Building on ffs on a WD Green 120 GB SATA SSD:
2319.70 real 9354.58 user 4449.16 sys
Building on ffs with "-o async" on a Samsung 850 EVO 1 TB SATA SSD:
1417.57 real 9452.17 user 4606.12 sys
Building on tmpfs:
2167.63 real 10102.86 user 14655.71 sys
>How-To-Repeat:
>Fix:
>Release-Note:
>Audit-Trail:
From: Joerg Sonnenberger <joerg@bec.de>
To: gnats-bugs@netbsd.org
Cc:
Subject: Re: kern/55268: tmpfs is slow
Date: Fri, 15 May 2020 18:29:47 +0200
On Fri, May 15, 2020 at 03:55:00PM +0000, Andreas Gustafsson wrote:
> Doing a "build.sh -j 24 release" on a tmpfs takes more real time than
> on an ffs mounted with "-o async", and uses much more system time.

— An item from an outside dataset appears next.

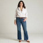 Full Body Image of Stylish Woman Wearing Flared Jeans, White Shirt, and Chunky Jewelry
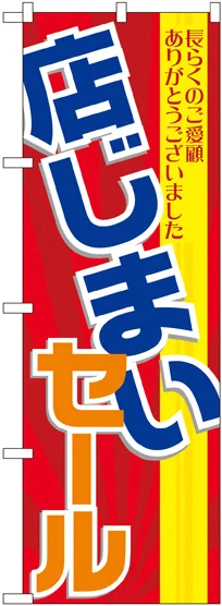 店舗やお店を盛り上げるのぼり旗。表示内容は、店じまいセールです。

Careful with DIAGNOSTIC as it increases vnode lock contention quite a
bit. Don't have the performance numbers for the bulk build anymore, but
it is quite visible. Otherwise, this greatly suggests some form of lock
contention or another, so lockstat output would be the most useful thing
(e.g. lockstat -b 999999 build.sh ...). This doesn't reflect my
experience at the very least, but lock contention can be somewhat
catastrophic and small changes can have dramatic impact. That said, in
the current form the bug report is not really useful.
Joerg
From: Alexander Nasonov <alnsn@yandex.ru>
To: gnats-bugs@netbsd.org
Cc: kern-bug-people@netbsd.org, gnats-admin@netbsd.org,
netbsd-bugs@netbsd.org, Andreas Gustafsson <gson@gson.org>
Subject: Re: kern/55268: tmpfs is slow
Date: Fri, 15 May 2020 18:14:51 +0100
Joerg Sonnenberger wrote:
> The following reply was made to PR kern/55268; it has been noted by GNATS.
>
> From: Joerg Sonnenberger <joerg@bec.de>
> To: gnats-bugs@netbsd.org
> Cc:
> Subject: Re: kern/55268: tmpfs is slow
> Date: Fri, 15 May 2020 18:29:47 +0200
>
> On Fri, May 15, 2020 at 03:55:00PM +0000, Andreas Gustafsson wrote:
> > Doing a "build.sh -j 24 release" on a tmpfs takes more real time than
> > on an ffs mounted with "-o async", and uses much more system time.
>
> Careful with DIAGNOSTIC as it increases vnode lock contention quite a
> bit. Don't have the performance numbers for the bulk build anymore, but
> it is quite visible. Otherwise, this greatly suggests some form of lock
> contention or another, so lockstat output would be the most useful thing
> (e.g. lockstat -b 999999 build.sh ...). This doesn't reflect my
> experience at the very least, but lock contention can be somewhat
> catastrophic and small changes can have dramatic impact. That said, in
> the current form the bug report is not really useful.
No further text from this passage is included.